FIG. 1 is a schematic plan view of a portion of an embodiment of the supply device of the present invention, and FIG. 2 is an enlarged axial sectional view of the cleaning liquid supply device of the supply device of FIG. 6... Conduit (another pipe), 10... Conduit, P... Drive pump (structure), 11...
・Take-out tube.

Claims (1)

[Claims] 1. A liquid segment flow separation method for obtaining a flow of a subsequent liquid segment separated by an immiscible fluid segment for a continuous flow analyzer, comprising: (a) an immiscible fluid segment; (b) intermittently positioning an inlet portion of the conduit within the conduit and in fluid flow communication with the liquid flow; Liquid segment flow acquisition comprising drawing portions of the liquid segment and the immiscible fluid segment of ashelf sequentially through the conduit when the inlet portion is positioned within the conduit.

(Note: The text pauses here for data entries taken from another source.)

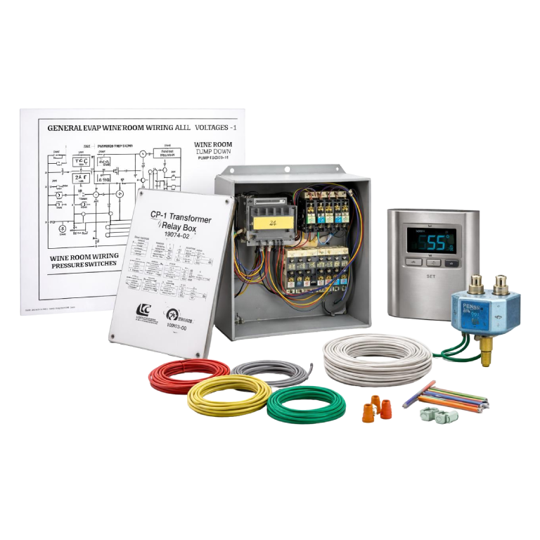 This page provides downloadable wiring diagrams for LRC control and wiring systems, including the CP-1 Transformer Relay Box (19074-02), General Evap Wine Room Wiring for all voltages, and Wine Room Wiring Pump Down 24V. These documents are intended to support proper installation, safe electrical connections, and efficient troubleshooting for wine room refrigeration applications. Select the appropriate wiring diagram below to confirm correct wiring, control logic, and option configurations before startup or service.
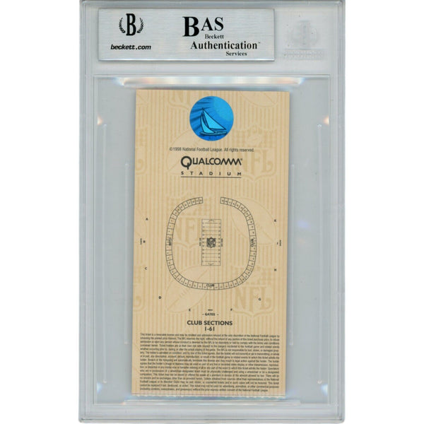 The number in the listing title is just an inventory sku for our records and is not the authentication number. The item pictured is the exact item you will receive, please see photos for condition. This is a Denver Broncos Slabbed Super Bowl XXXII Section 56 Row 16 Seat 7 Ticket Stub that was personally autographed by Terrell Davis. Includes a certificate of authenticity from Beckett Authentication Services (BAS) and Denver Autographs.FREE SHIPPING within the USA on orders over $10!
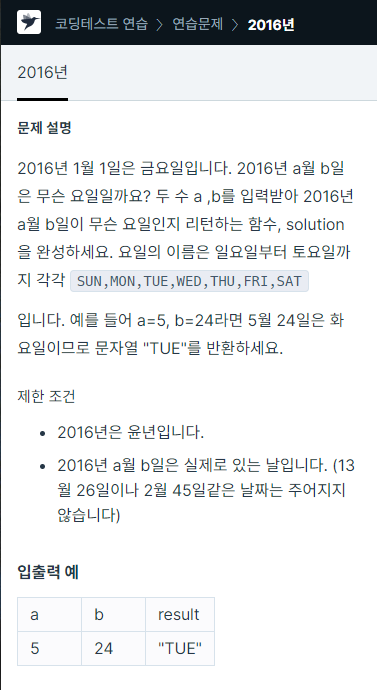 프로그래머스 레벨1 2016년 (자바) 출처: 프로그래머스 모든 문제 레벨 1 https://programmers.co.kr/learn/challenges

Method. 2. (a) a conduit element; (b) a flow means for causing a flow of liquid divided by immiscible fluid sections to flow along the conduit element; , said first
an extraction conduit element having an inlet portion disposed within the conduit element and in fluid flow communication with the liquid flow at the positions; () moving means for moving the inlet portion to each of the positions; coupled to the withdrawal tube element, while the withdrawal tube element is in the first position, sequentially removing portions of the liquid section of the ash pipe and the immiscible fluid section from the liquid stream; suction means, the inlet portion being removed from the fluid flow communication while the inlet portion is in the second position;
Fluid supply device for continuous flow equipment.